== TASK MATERIAL ==
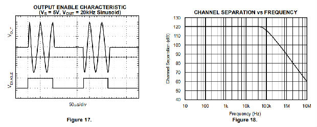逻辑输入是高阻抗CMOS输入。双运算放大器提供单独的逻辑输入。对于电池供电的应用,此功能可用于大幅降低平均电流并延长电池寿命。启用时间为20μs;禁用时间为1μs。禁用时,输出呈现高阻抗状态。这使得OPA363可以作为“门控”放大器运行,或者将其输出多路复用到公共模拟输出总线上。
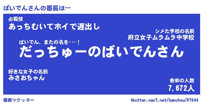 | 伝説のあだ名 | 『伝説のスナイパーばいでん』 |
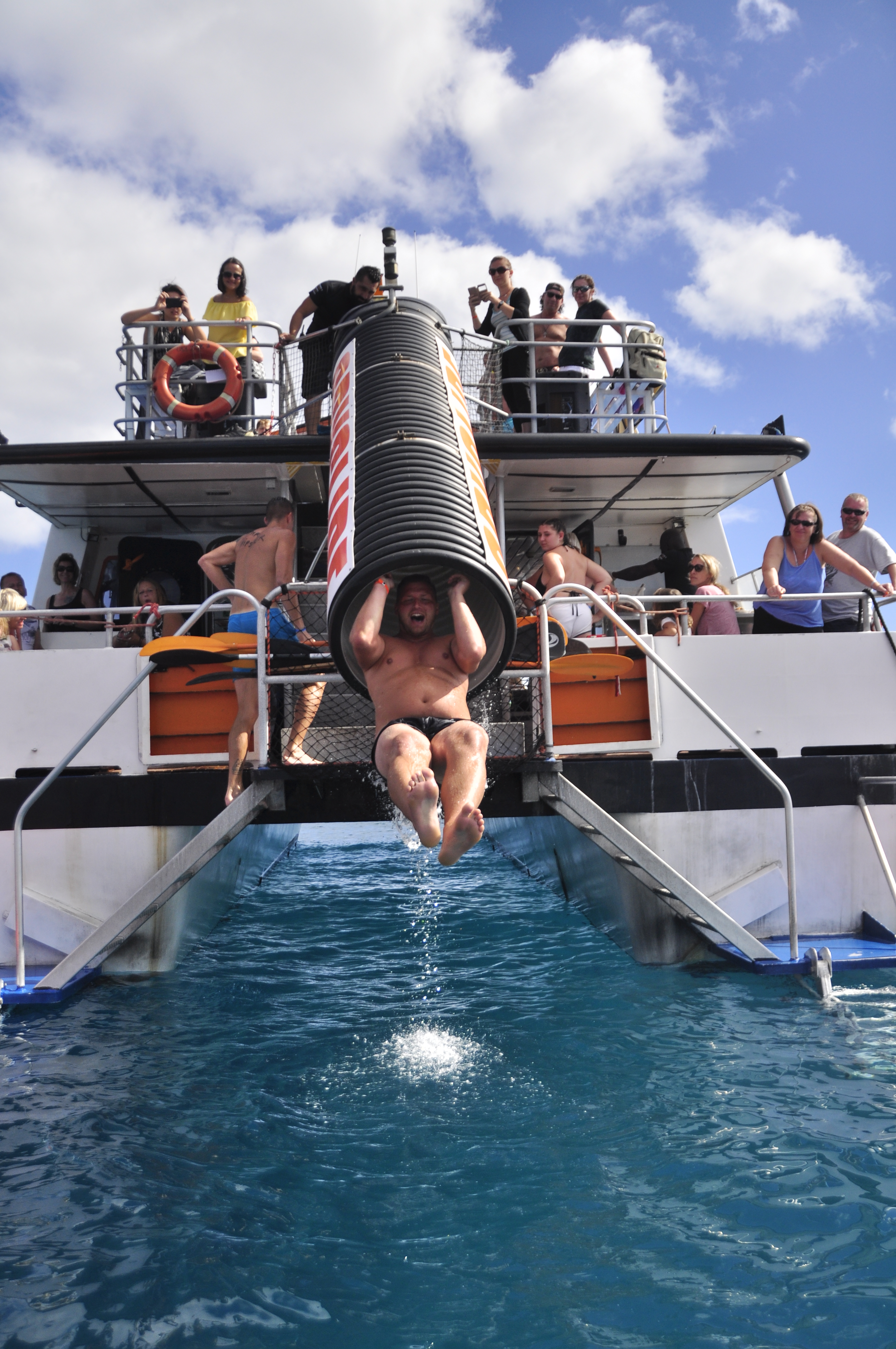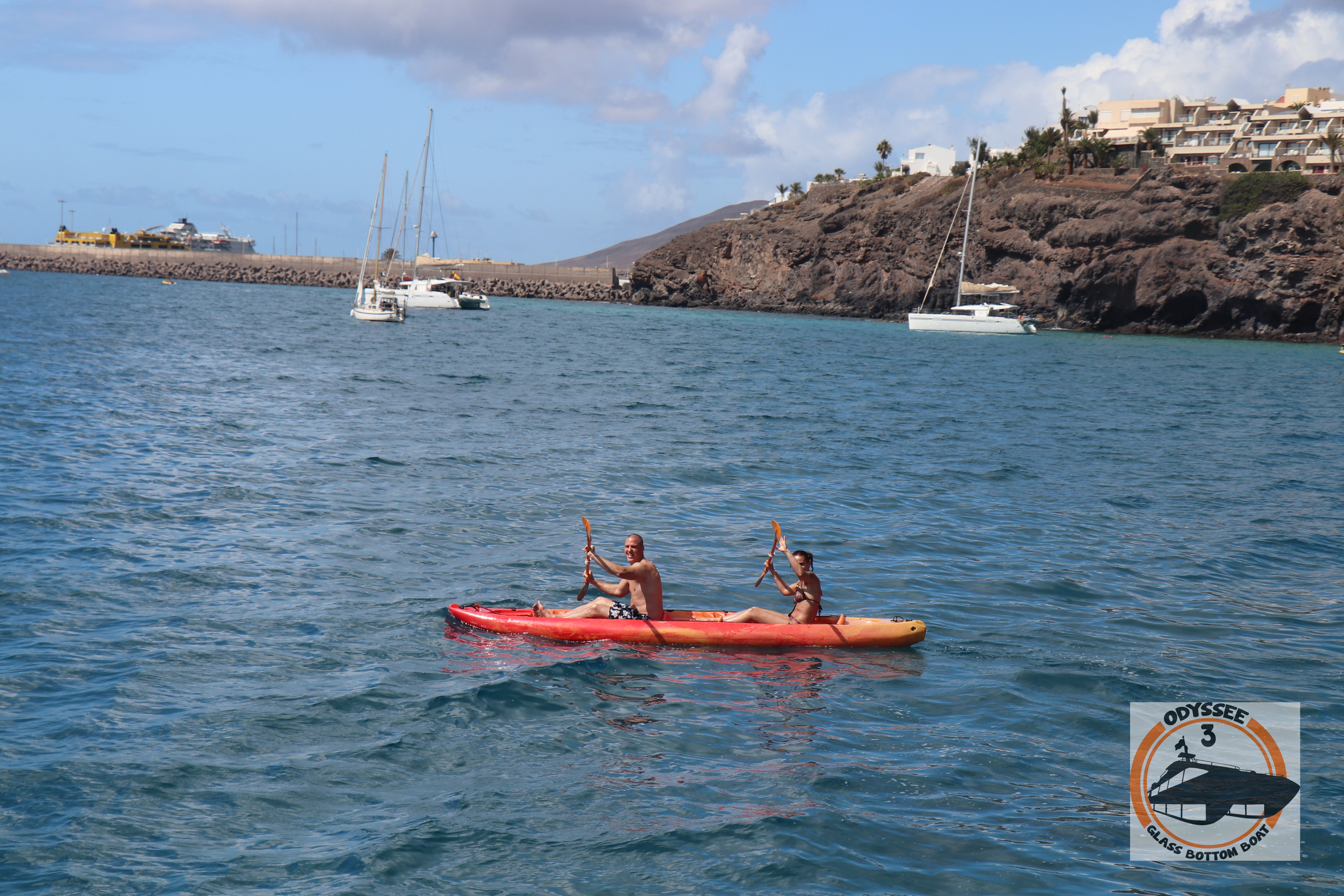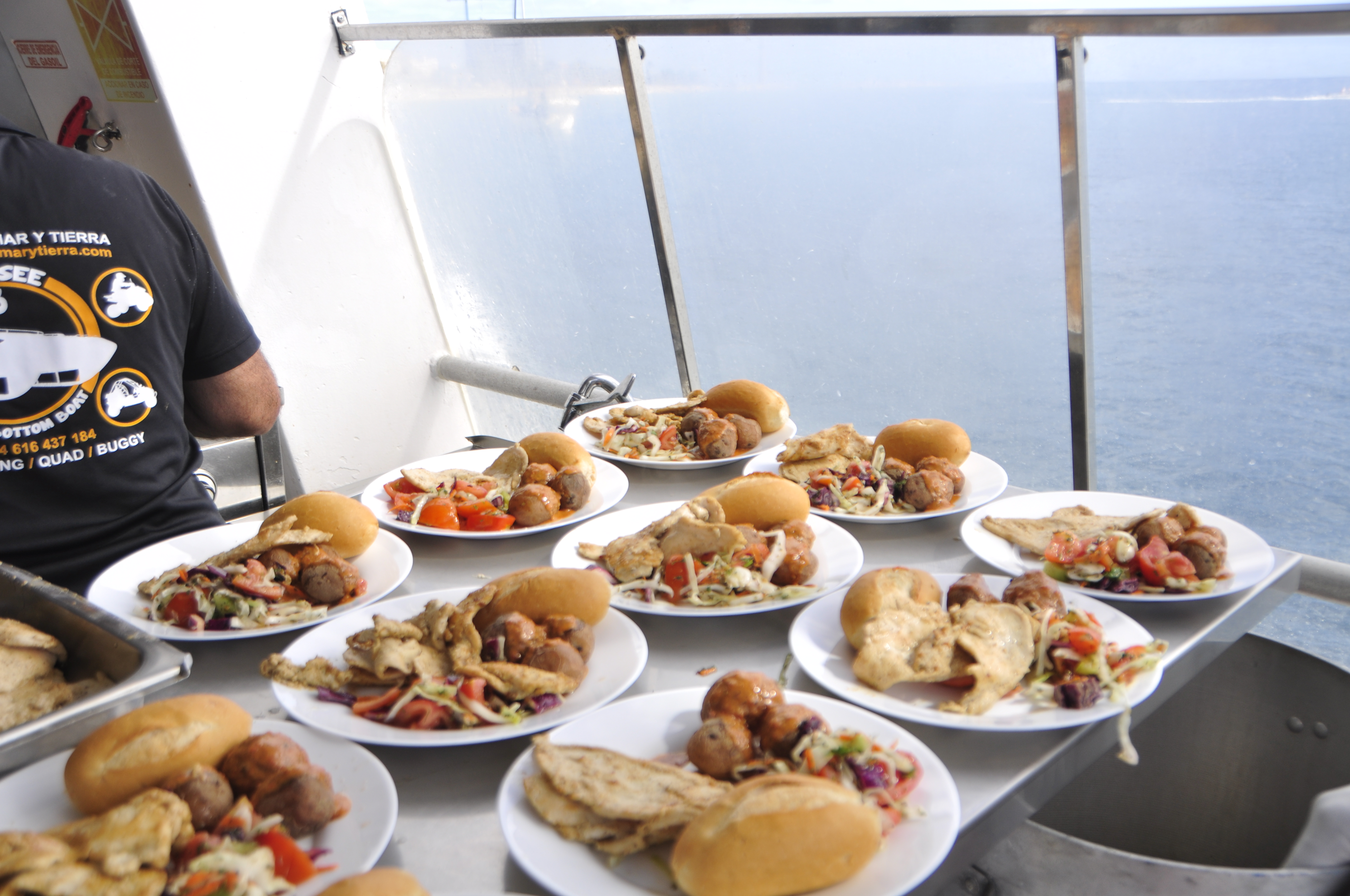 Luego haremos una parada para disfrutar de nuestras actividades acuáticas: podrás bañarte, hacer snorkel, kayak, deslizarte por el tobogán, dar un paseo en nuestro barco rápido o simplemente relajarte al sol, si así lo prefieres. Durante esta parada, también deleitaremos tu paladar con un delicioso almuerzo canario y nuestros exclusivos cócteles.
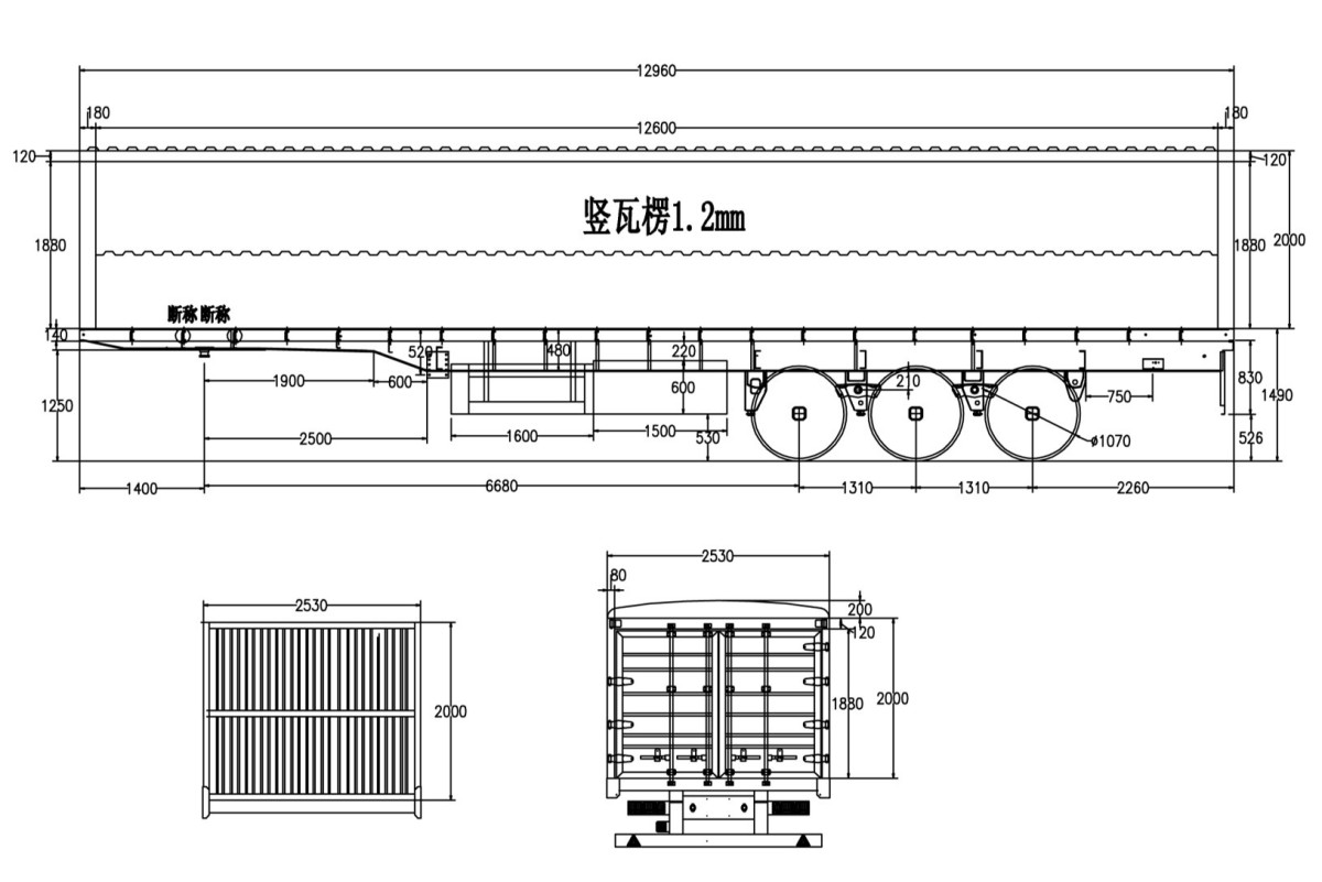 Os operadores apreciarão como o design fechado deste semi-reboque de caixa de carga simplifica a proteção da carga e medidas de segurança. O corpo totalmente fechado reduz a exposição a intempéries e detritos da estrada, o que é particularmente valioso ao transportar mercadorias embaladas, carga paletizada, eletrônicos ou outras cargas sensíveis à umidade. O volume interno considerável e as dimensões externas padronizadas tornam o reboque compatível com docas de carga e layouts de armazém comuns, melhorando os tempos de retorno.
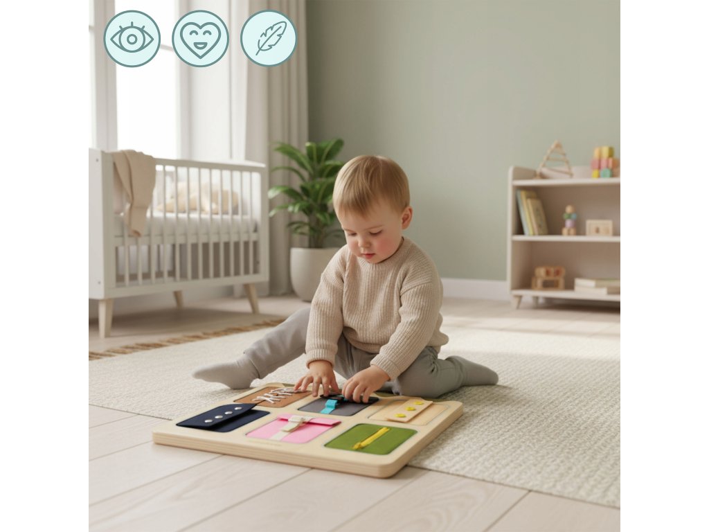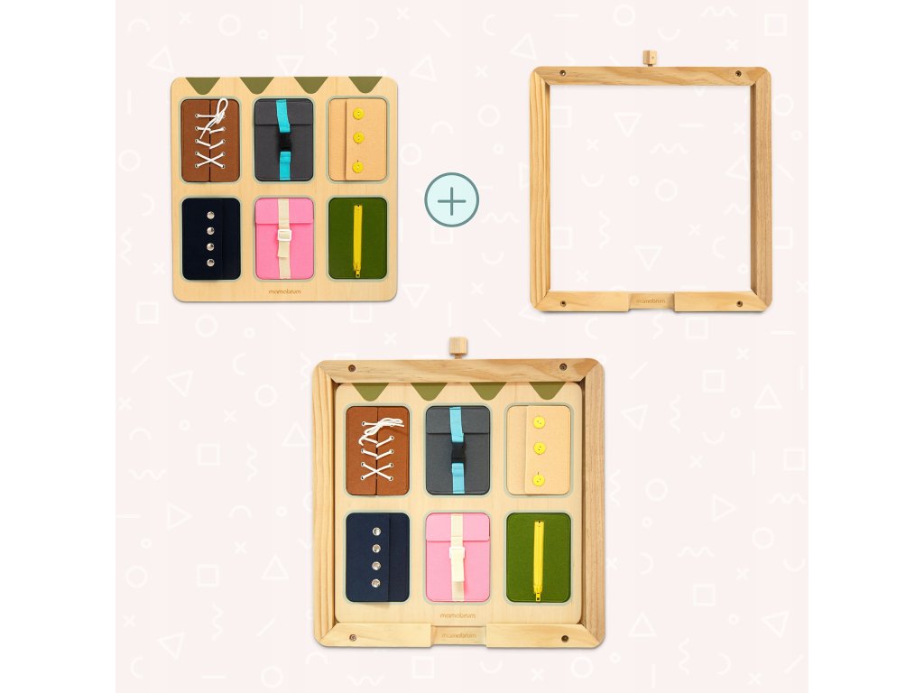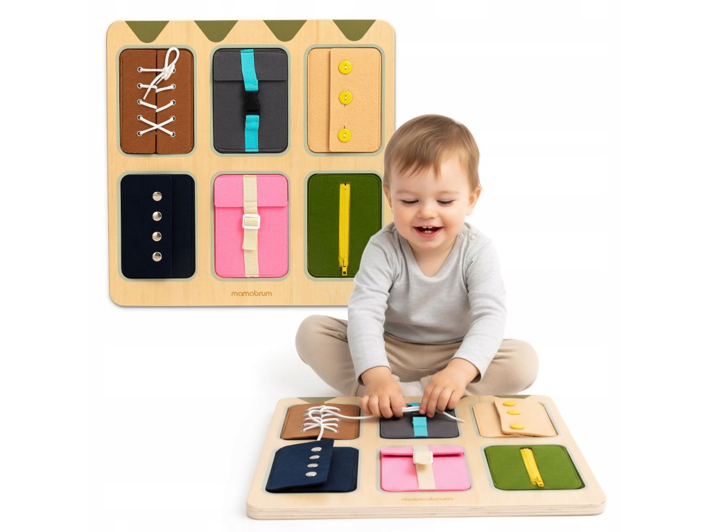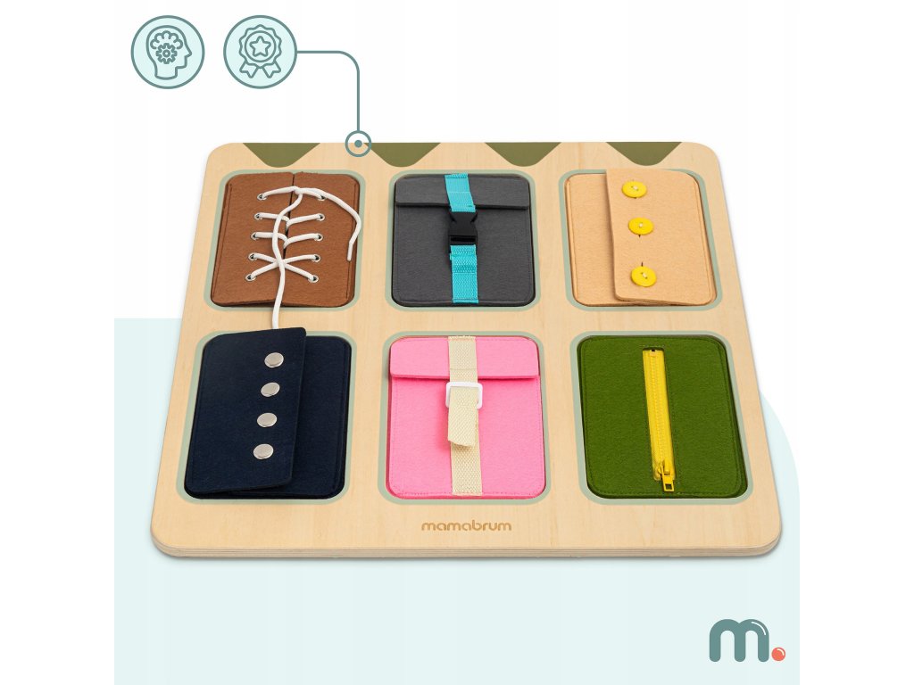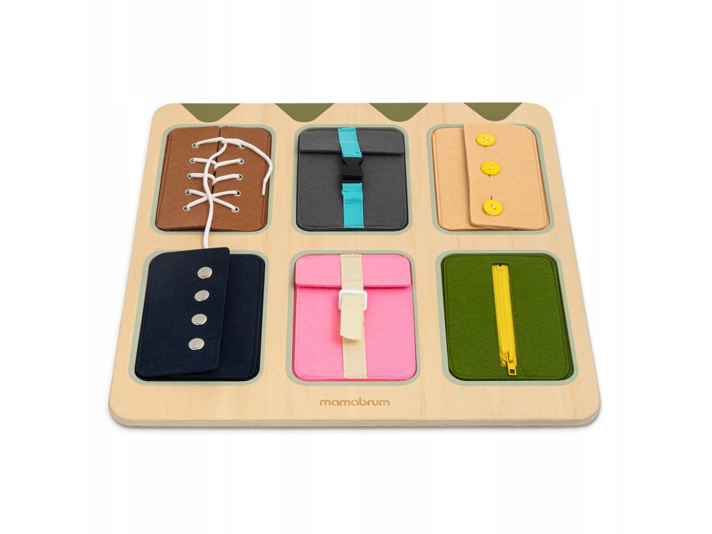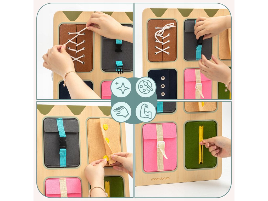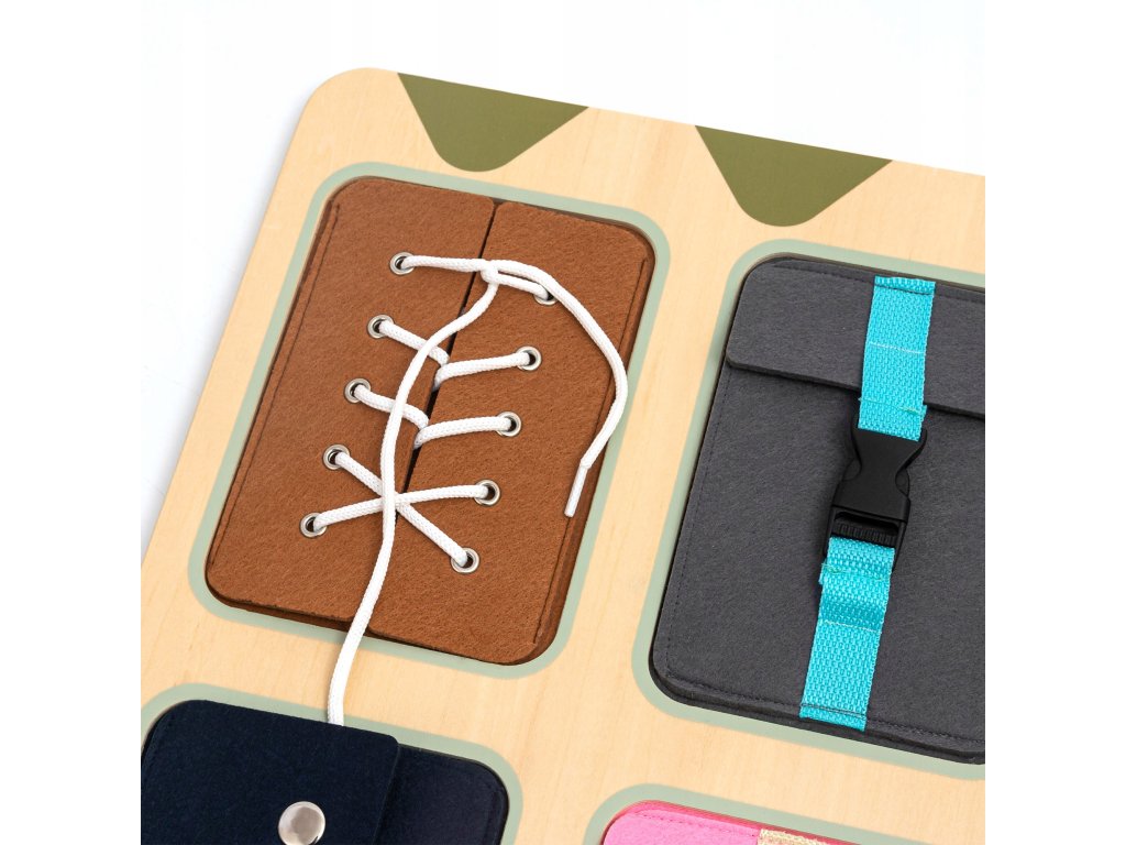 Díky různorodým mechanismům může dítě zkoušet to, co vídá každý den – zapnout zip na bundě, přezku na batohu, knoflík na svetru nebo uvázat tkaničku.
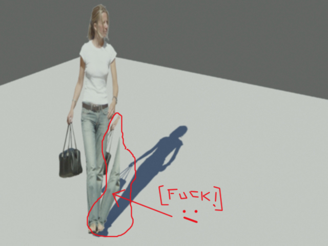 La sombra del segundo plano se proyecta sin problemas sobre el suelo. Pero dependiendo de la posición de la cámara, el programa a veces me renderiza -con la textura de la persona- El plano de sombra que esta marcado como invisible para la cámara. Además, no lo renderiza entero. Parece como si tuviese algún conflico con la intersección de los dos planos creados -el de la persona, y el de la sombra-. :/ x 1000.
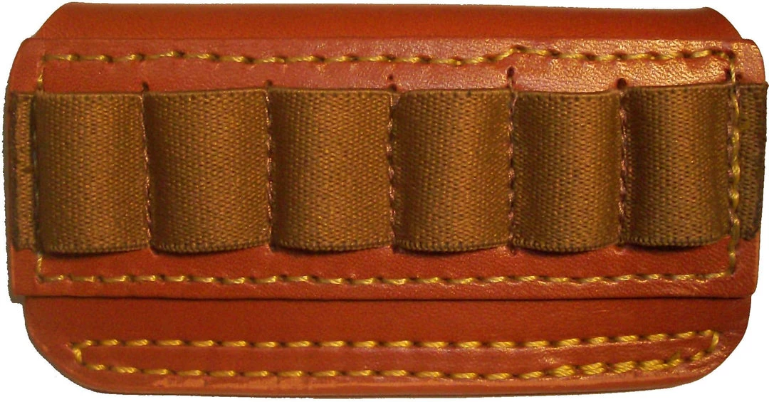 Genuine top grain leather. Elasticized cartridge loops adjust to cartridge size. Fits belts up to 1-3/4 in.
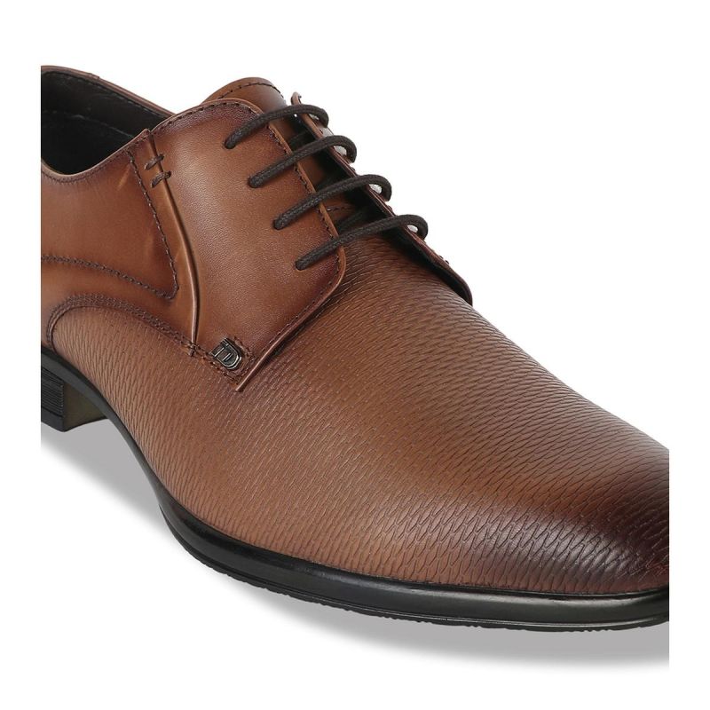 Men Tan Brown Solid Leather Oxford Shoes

== EXERCISE AIM ==
Copy every entry exactly; drop the pictures.

== EXERCISE RESPONSE ==
逻辑输入是高阻抗CMOS输入。双运算放大器提供单独的逻辑输入。对于电池供电的应用,此功能可用于大幅降低平均电流并延长电池寿命。启用时间为20μs;禁用时间为1μs。禁用时,输出呈现高阻抗状态。这使得OPA363可以作为“门控”放大器运行,或者将其输出多路复用到公共模拟输出总线上。
 | 伝説のあだ名 | 『伝説のスナイパーばいでん』 |
 Luego haremos una parada para disfrutar de nuestras actividades acuáticas: podrás bañarte, hacer snorkel, kayak, deslizarte por el tobogán, dar un paseo en nuestro barco rápido o simplemente relajarte al sol, si así lo prefieres. Durante esta parada, también deleitaremos tu paladar con un delicioso almuerzo canario y nuestros exclusivos cócteles.
 Os operadores apreciarão como o design fechado deste semi-reboque de caixa de carga simplifica a proteção da carga e medidas de segurança. O corpo totalmente fechado reduz a exposição a intempéries e detritos da estrada, o que é particularmente valioso ao transportar mercadorias embaladas, carga paletizada, eletrônicos ou outras cargas sensíveis à umidade. O volume interno considerável e as dimensões externas padronizadas tornam o reboque compatível com docas de carga e layouts de armazém comuns, melhorando os tempos de retorno.
 Díky různorodým mechanismům může dítě zkoušet to, co vídá každý den – zapnout zip na bundě, přezku na batohu, knoflík na svetru nebo uvázat tkaničku.
 La sombra del segundo plano se proyecta sin problemas sobre el suelo. Pero dependiendo de la posición de la cámara, el programa a veces me renderiza -con la textura de la persona- El plano de sombra que esta marcado como invisible para la cámara. Además, no lo renderiza entero. Parece como si tuviese algún conflico con la intersección de los dos planos creados -el de la persona, y el de la sombra-. :/ x 1000.
 Genuine top grain leather. Elasticized cartridge loops adjust to cartridge size. Fits belts up to 1-3/4 in.
 Men Tan Brown Solid Leather Oxford Shoes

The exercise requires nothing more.